What a load of revisionist crock. Trump is not only harnessing, but exploiting the same ugly, nativist impulses that motivated Harper to set up a “snitch line” to encourage Canadians to inform on other Canadians for the same, petty, parochial interests at the expense of the national interest.
I suspect that for all the feigned outrage, more than a few Conservatives share Trump’s poisonous politics and are all-in when it comes to building walls between people and places, denying climate change, and rabidly championing the wonders of unfettered, “free-market” capitalism with a bumptious, pseudo “successful” businessman firmly at the helm.
And, on cue, here comes the latest media-propelled Tory saviour lecturing us with his trademark smugness, loudness and condescension. Sound familiar? Yes, it’s that other reality TV star who’s also convinced that he can run a country on the fumes of his incoherent bluster, Kevin O’Leary.
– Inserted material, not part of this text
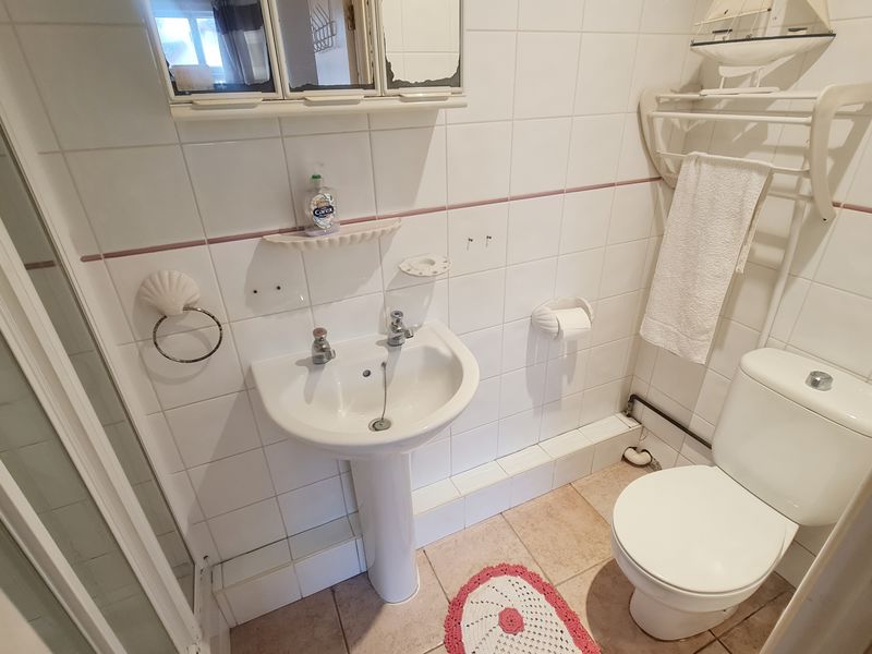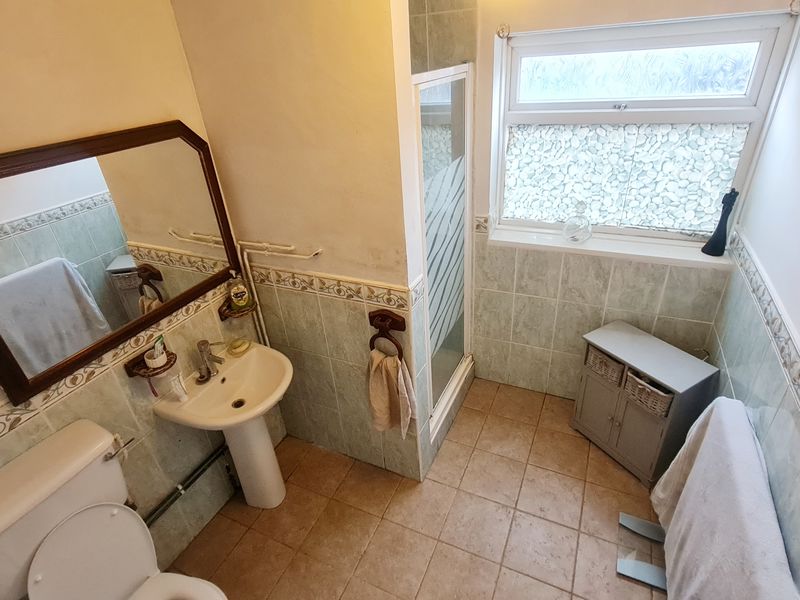 Plain coved ceiling with ceiling light point. UPVC double-glazed frosted window to rear aspect. Shower cubicle with thermostatic shower valve. Pedestal wash hand basin and low-level WC. Half tiled walls, panelled radiator and tiled flooring.

Recall that several weeks ago, O’Leary took centre stage at the Conservative’s annual version of a political hootenanny – The Manning Centre Conference in Ottawa. The bald blowhard was treated with the kind deference and respect befitting his status as a leading leadership candidate.
But like their Republican brethren, I’m convinced that Conservatives will ultimately realize – albeit reluctantly – that they’ve placed their faith and hopes in a false, flamboyant prophet who isn’t that interested in serving them or the country, but in using them and the country as pliable vehicles to satiate his all-consuming narcissism.
If they don’t, other Canadians will do it for them by delivering an unequivocal thrashing to O’Leary at the ballot box.
It’s the kind of blunt comeuppance Donald Trump is headed for in November – whether he sees it coming or not.